ABOUT THIS TASK: Look through the entries below and extract exactly the lines from the one containing "Una invitación para" through the one containing "Beldray LA038098SS Bathroom", ends included.

DATA SUPPLIED:
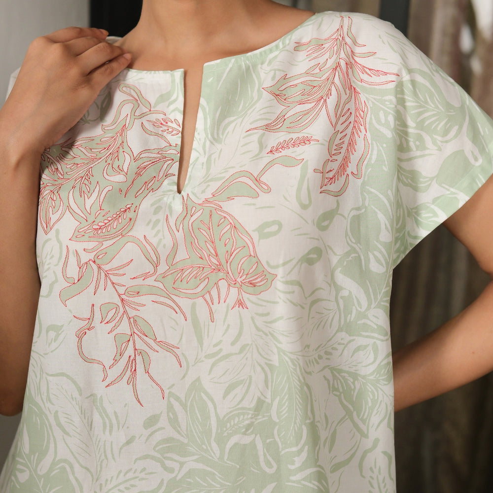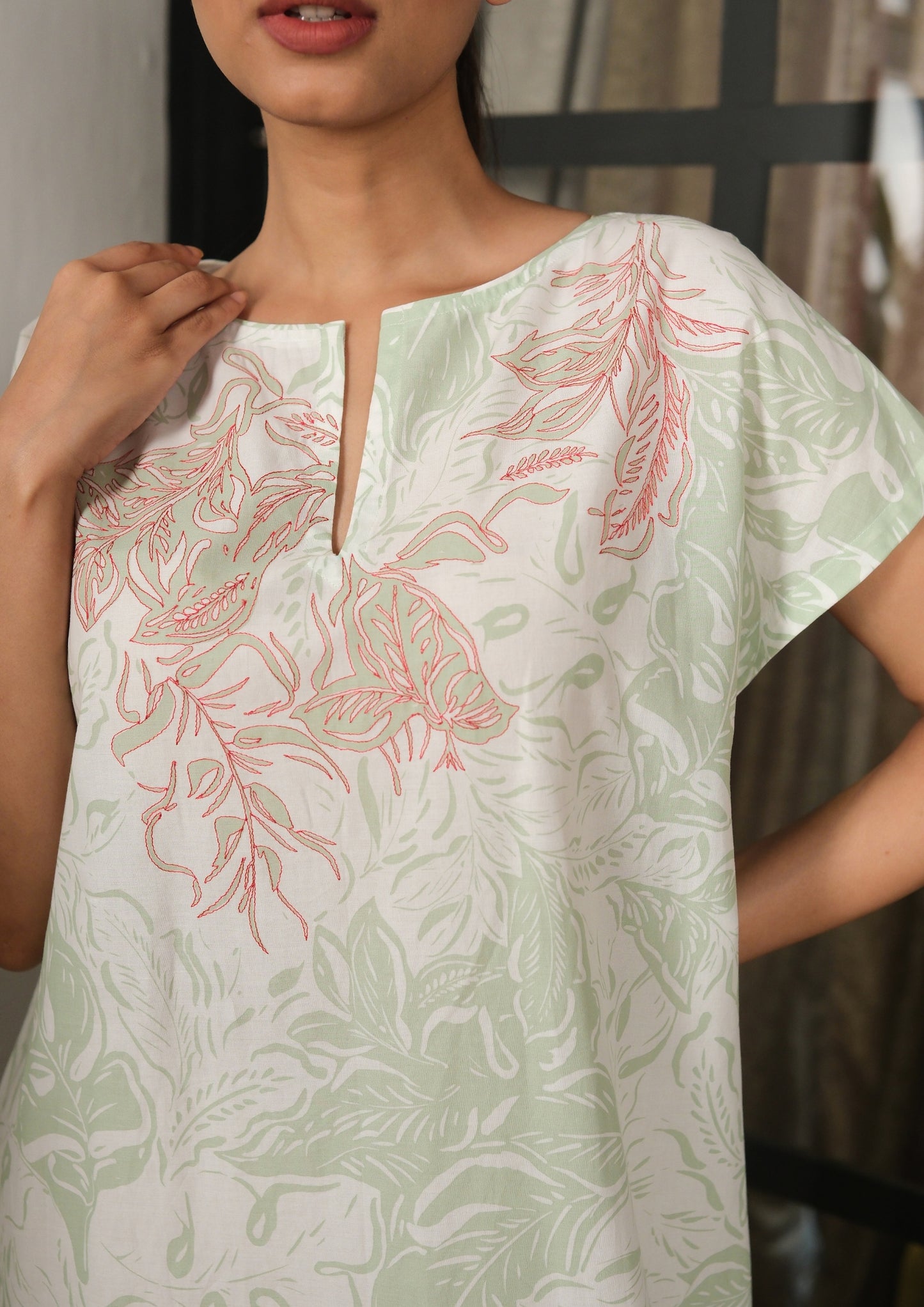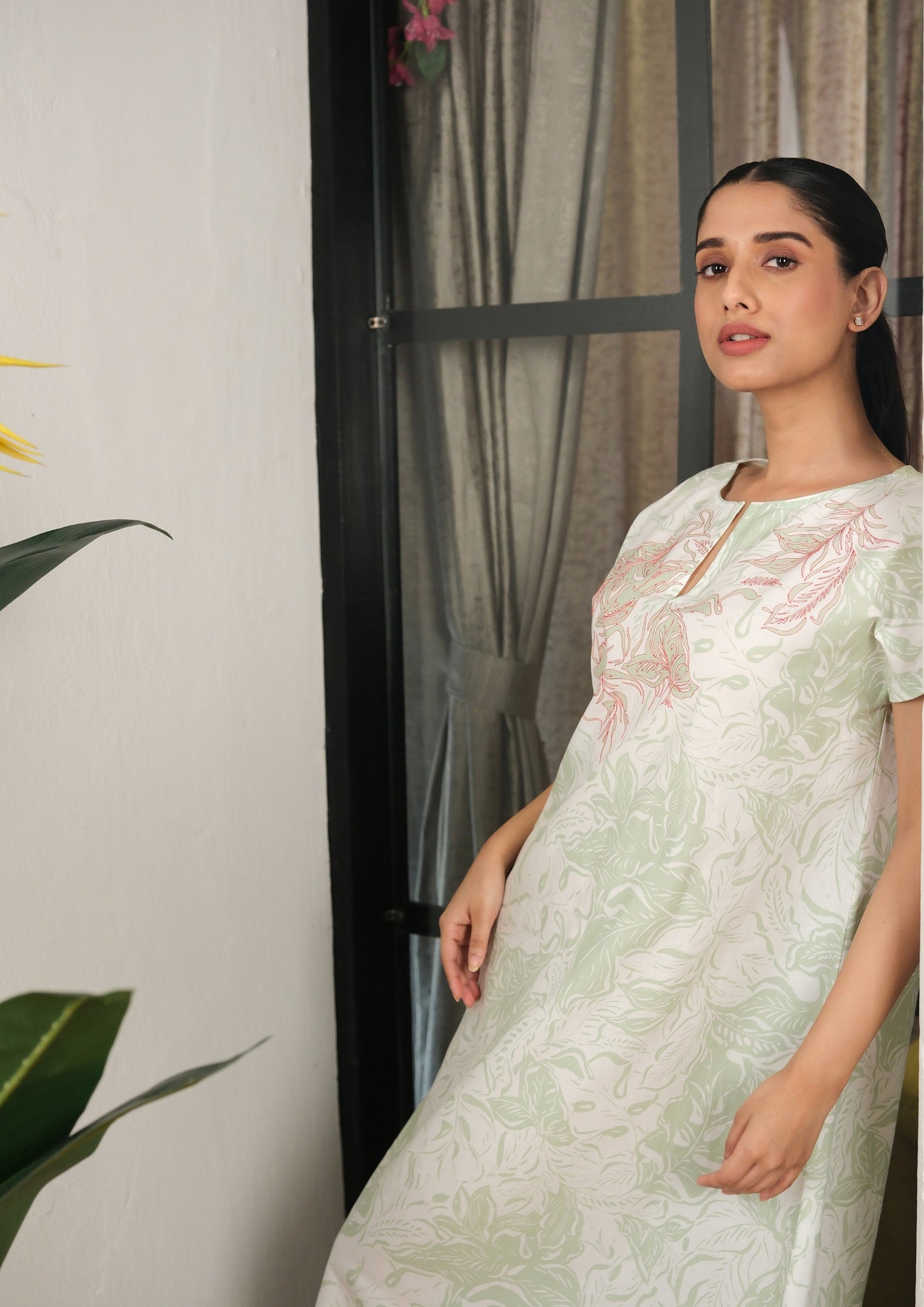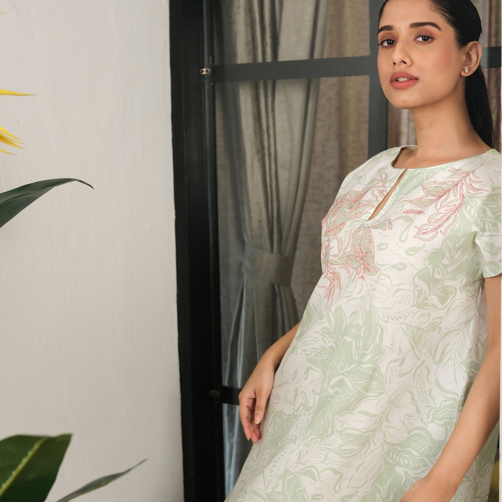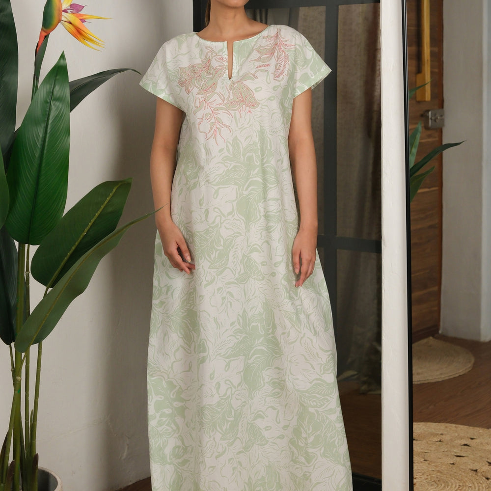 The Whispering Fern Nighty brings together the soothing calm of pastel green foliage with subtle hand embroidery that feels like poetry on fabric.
--
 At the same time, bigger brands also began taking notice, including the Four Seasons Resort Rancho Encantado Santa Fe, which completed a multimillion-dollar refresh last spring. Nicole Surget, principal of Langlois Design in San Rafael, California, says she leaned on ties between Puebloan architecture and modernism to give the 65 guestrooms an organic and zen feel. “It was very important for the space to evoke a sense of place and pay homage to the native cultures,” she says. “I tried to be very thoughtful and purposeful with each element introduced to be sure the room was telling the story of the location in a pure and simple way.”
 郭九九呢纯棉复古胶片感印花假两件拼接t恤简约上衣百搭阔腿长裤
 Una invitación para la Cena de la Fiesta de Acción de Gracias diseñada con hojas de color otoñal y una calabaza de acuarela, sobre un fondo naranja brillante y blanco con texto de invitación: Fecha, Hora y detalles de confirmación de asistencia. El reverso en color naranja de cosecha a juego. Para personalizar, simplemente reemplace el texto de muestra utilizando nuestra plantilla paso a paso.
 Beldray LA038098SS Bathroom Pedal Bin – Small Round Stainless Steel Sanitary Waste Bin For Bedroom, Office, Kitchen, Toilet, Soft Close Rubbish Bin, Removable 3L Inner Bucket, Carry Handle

RESULT FOR THIS TASK:
 Una invitación para la Cena de la Fiesta de Acción de Gracias diseñada con hojas de color otoñal y una calabaza de acuarela, sobre un fondo naranja brillante y blanco con texto de invitación: Fecha, Hora y detalles de confirmación de asistencia. El reverso en color naranja de cosecha a juego. Para personalizar, simplemente reemplace el texto de muestra utilizando nuestra plantilla paso a paso.
 Beldray LA038098SS Bathroom Pedal Bin – Small Round Stainless Steel Sanitary Waste Bin For Bedroom, Office, Kitchen, Toilet, Soft Close Rubbish Bin, Removable 3L Inner Bucket, Carry Handle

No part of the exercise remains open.